## The problem
Everything from the line with "This is a 2.5″" down to the line with "In this example, we" below must be printed exactly, those two lines included. Exclude pictures.

[Opening Stored data section]

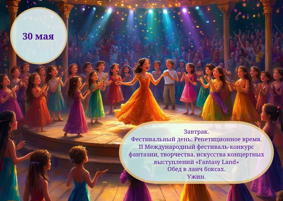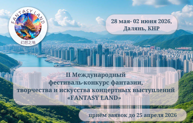 Выступать на концертной сцене в самом интересном по культурным событиям городе Китая – это значит ощутить незабываемые эмоции от успеха! Стать частью мероприятий, завершающих Год культуры Китая и России в провинции Ляонин, на площадке Государственного телевидения — это возможность привезти сразу два Международных диплома: Лауреатский диплом II Международного фестиваля-конкурса фантазии, творчества и искусства концертных выступлений «FANTASY LAND» и Золотой Диплом Детского образовательного канала Радиотелевидения провинции Ляонин. Далянь наполнит вас фантазией, искусством, и желанием продолжать свой творческий путь. Город Далянь создан для талантливых людей!
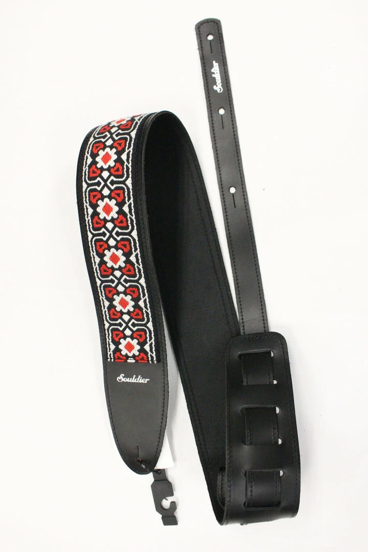 This is a 2.5″ wide leather Souldier Torpedo Fillmore Red, Black, & White guitar strap.
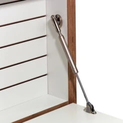 The secretary has a large, stable worktop measuring 420×710 mm. The high-quality flap holders guarantee slow, damped lowering of the worktop. The inner functional area of the furniture has a depth of 85 mm. Behind a removable panel there is a non-glare workplace lighting with an integrated socket.
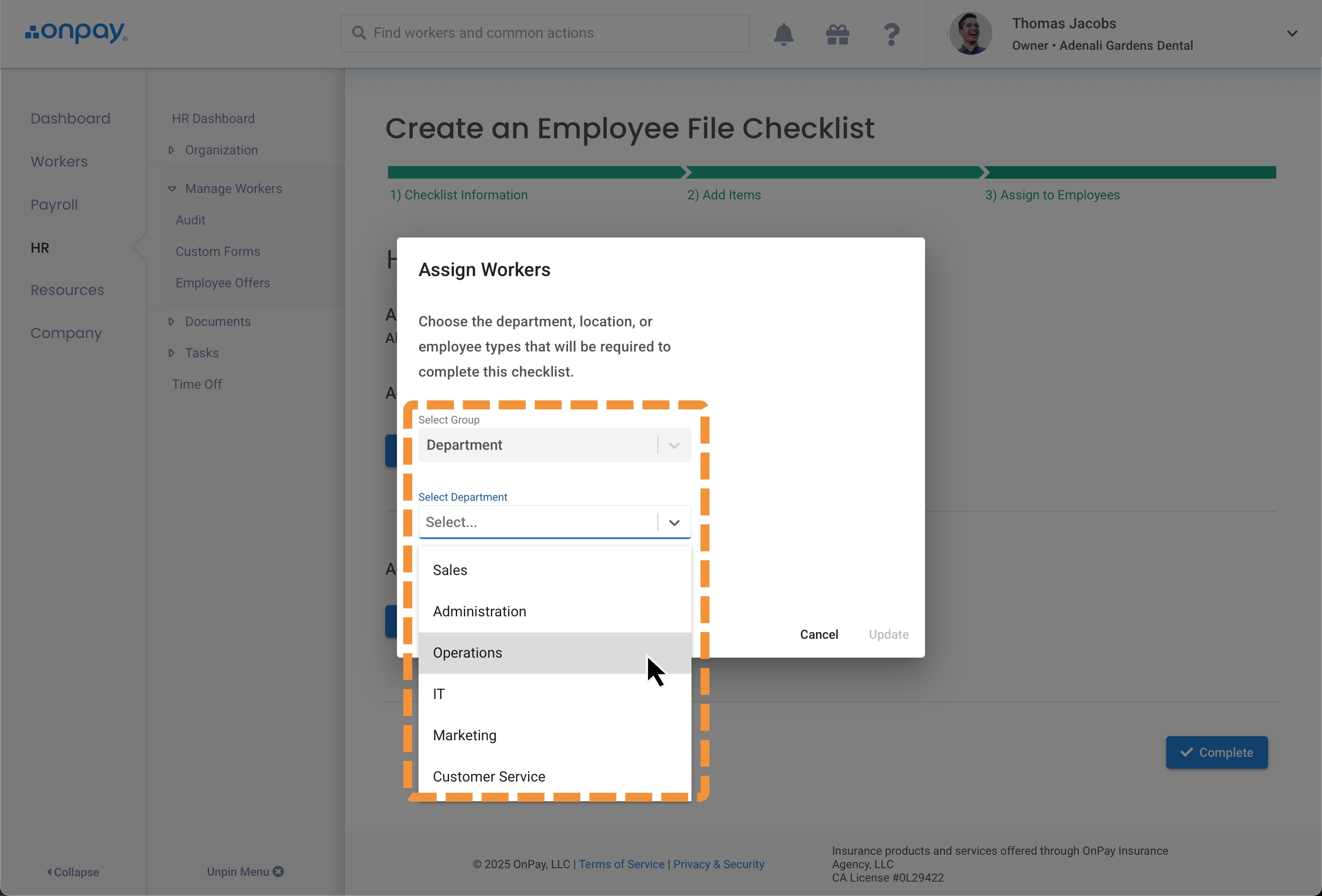 In this example, we have two different companies, a dental practice (left) and a convenience store (right). The dental practice has assigned employees to departments in their OnPay profiles, so they're assigning their checklists by "Department". But the convenience store doesn't have multiple departments, just different positions within the store, so they're assigning their checklists by "Position".
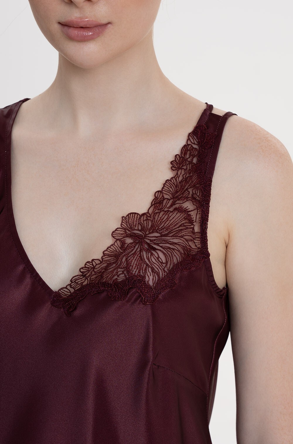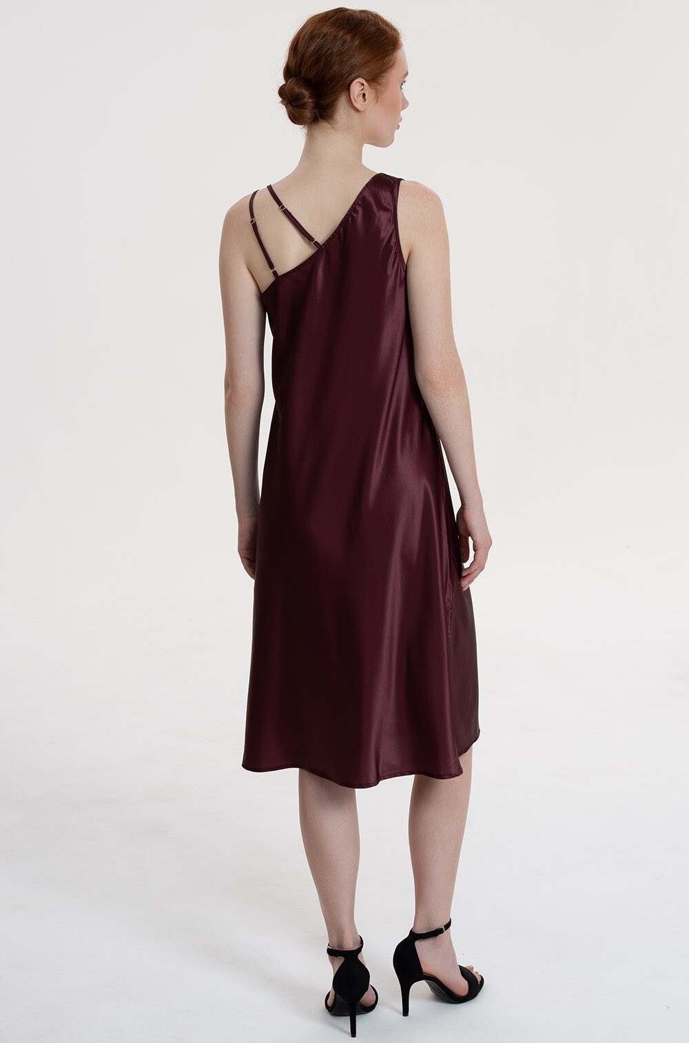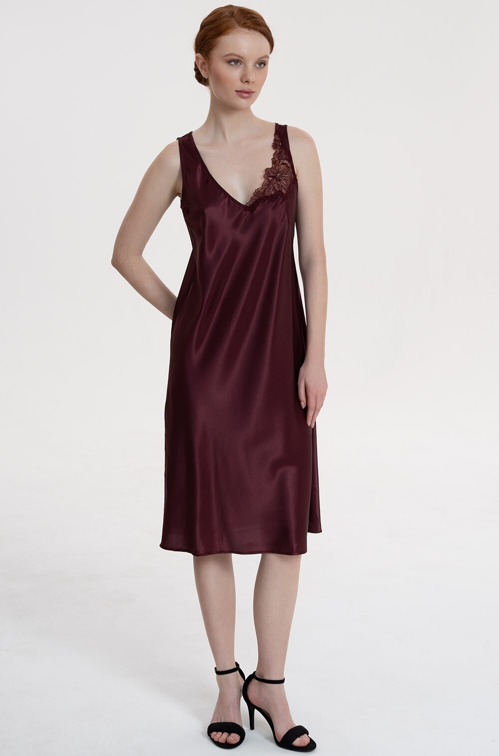 Сорочка средней длины Mia-Amore на тонких регулируемых бретелях выполнена из однотонного смесового шёлка. Сорочка имеет ассиметричные плечи, одна из сторон украшена элементом из ажурного кружева, другая выполняет роль регулируемых бретелей.

[Closing Stored data section]

## Response below
 This is a 2.5″ wide leather Souldier Torpedo Fillmore Red, Black, & White guitar strap.
 The secretary has a large, stable worktop measuring 420×710 mm. The high-quality flap holders guarantee slow, damped lowering of the worktop. The inner functional area of the furniture has a depth of 85 mm. Behind a removable panel there is a non-glare workplace lighting with an integrated socket.
 In this example, we have two different companies, a dental practice (left) and a convenience store (right). The dental practice has assigned employees to departments in their OnPay profiles, so they're assigning their checklists by "Department". But the convenience store doesn't have multiple departments, just different positions within the store, so they're assigning their checklists by "Position".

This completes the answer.